Is there more to Finance than just spending restraint? Federal Labor’s shadow finance spokesperson Dr Jim Chalmers proposed a few ideas in an address to the Crawford School of Public Policy last week, including a more sophisticated approach to co-investment as a guiding principle.
Chalmers outlines Labor’s plan in five parts:
- New fiscal rules which ensure budget decisions are formally based on the values that guide us, and “doesn’t ask the most vulnerable Australians to carry the heaviest burden.”
- Improve transparency of budget decisions, enhancing scrutiny around the 10-year impact of policy decisions, re-introducing cameos to better understand the distributional impacts of key policies, and greater use of data in decision-making and assessment.

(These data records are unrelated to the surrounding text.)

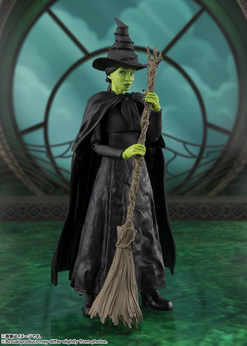 "Wicked" has become a worldwide phenomenon, and has become the highest-grossing Broadway musical film of all time! Now Bandai brings us their "S.H.Figuarts" figure of Elphaba, as portrayed by Cynthia Erivo in the film! Bandai perfectly recreates Elphaba in palm-sized form, complete with her iconic green skin, with a variety of optional parts, such as the hat given to her by Glinda and her cloak. Three interchangeable facial expressions, delicately crafted with Tamashii digital coloring, are included, and you can also recreate the pose of her riding off into the sky on her broom! The spellbook is also included in two versions -- closed and open. Order her for your own collection today!
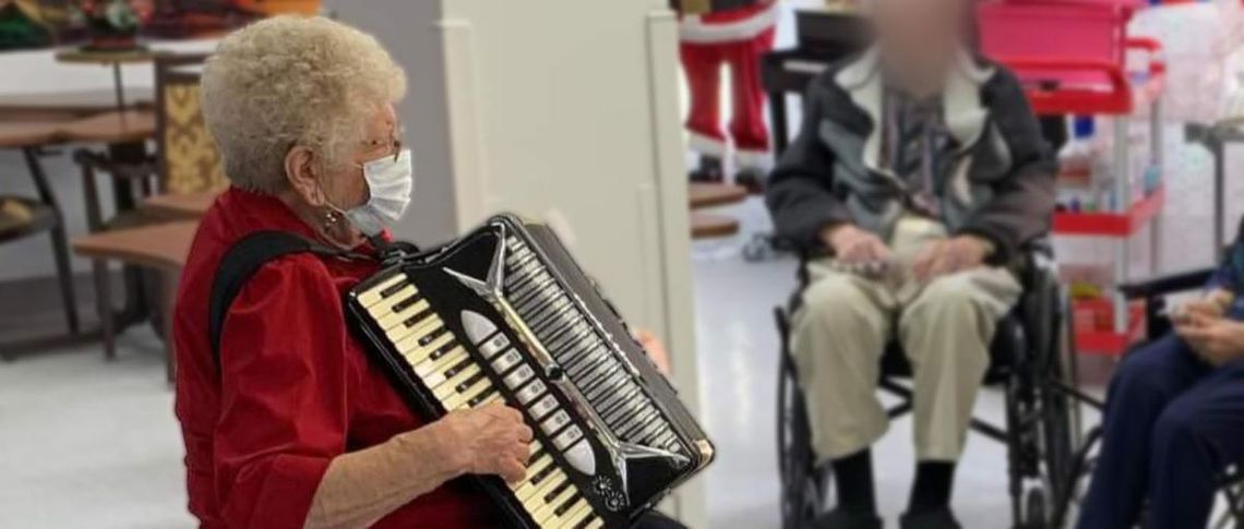Leona, 85, is a music volunteer who has been playing accordion, piano and organ at St. Mary’s, which provides long-term care and independent living, for over 20 years. She is one of many volunteer musicians who has returned to performing indoors at Covenant sites across the province after being away or performing outdoors due to pandemic restrictions.
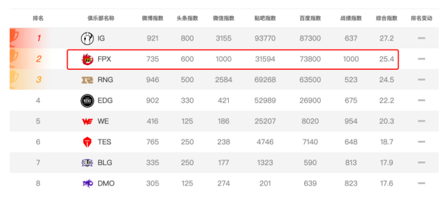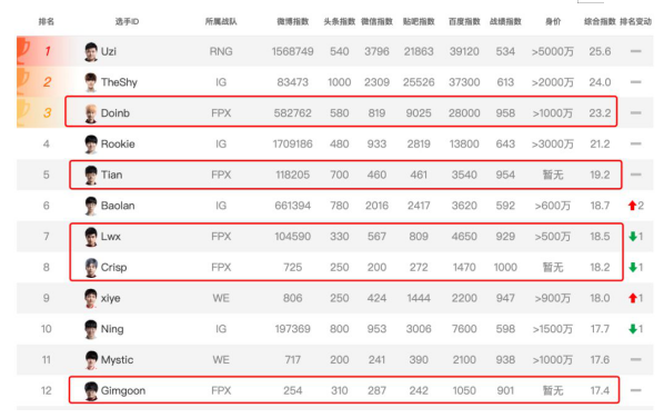 對于贊助商而言,選擇贊助戰(zhàn)隊無疑是一場激進的賭博,如今FPX奪冠,從品牌曝光收益來看,FPX帶來的傳播價值或遠遠高于贊助商的贊助費用。目前,在戰(zhàn)隊價值排行榜上,FPX位列第二,戰(zhàn)隊成員排名也有所上升。
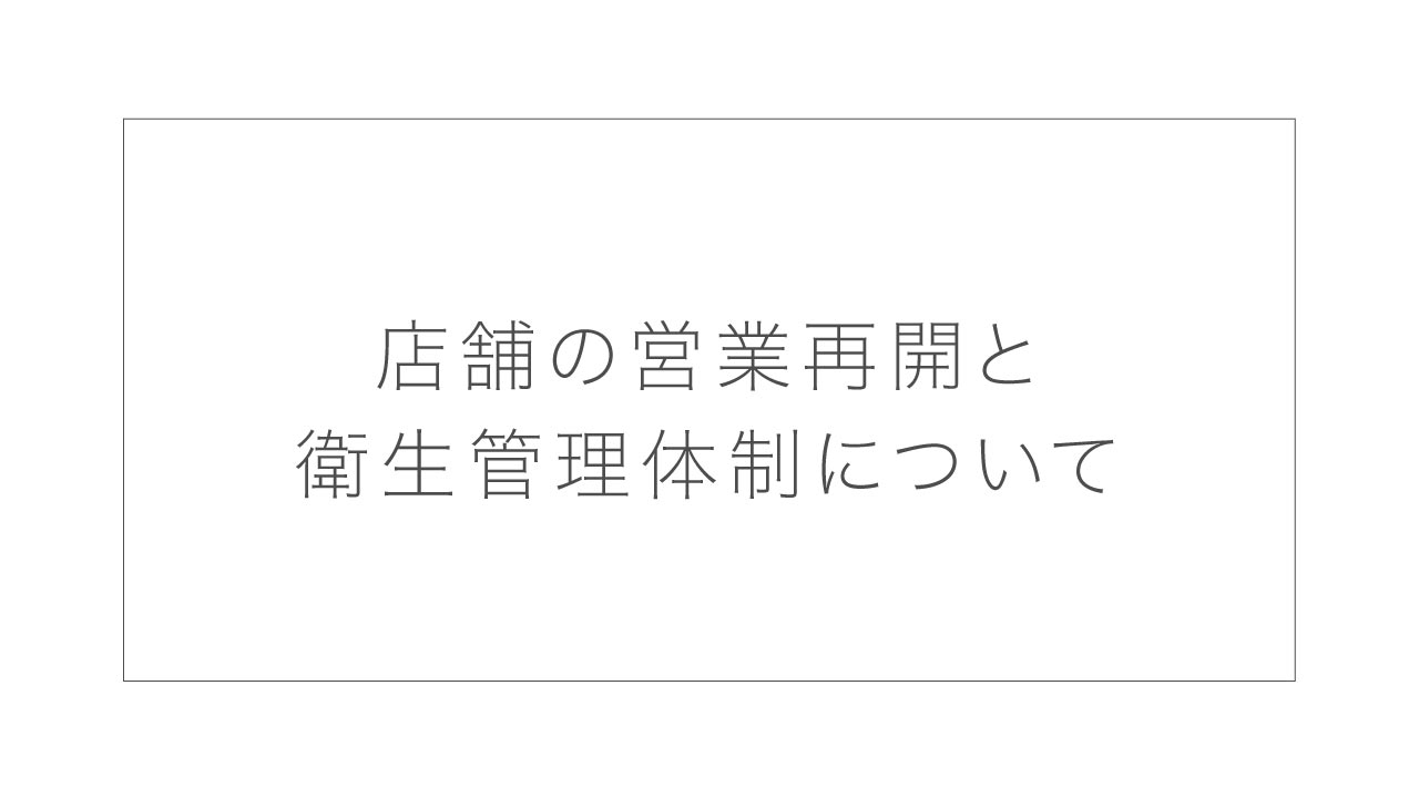 この度、各自治体の休業要請緩和の決定に伴い、店舗の営業を再開させていただくこととなりました。

- Public service reform: removing arbitrary caps on staffing levels and over-reliance on contractors and consultants, reviewing IT duplication and travel overspend in an age of video conferencing. Also looking at the supply side: “We need ministers and a Cabinet who actively seek policy advice from the public service, encouraging investment in policy capacity and rebuilding skills wasted by years of cuts and top-down policy diktats.”
- Review procurement rules, including around SME and local business involvement in large projects.
- Re-write the rules for Government Business Enterprises to make them more transparent. “We saw what happened when Australia Post salaries were first hidden, then botched in their release, and we are determined not to let that happen again.”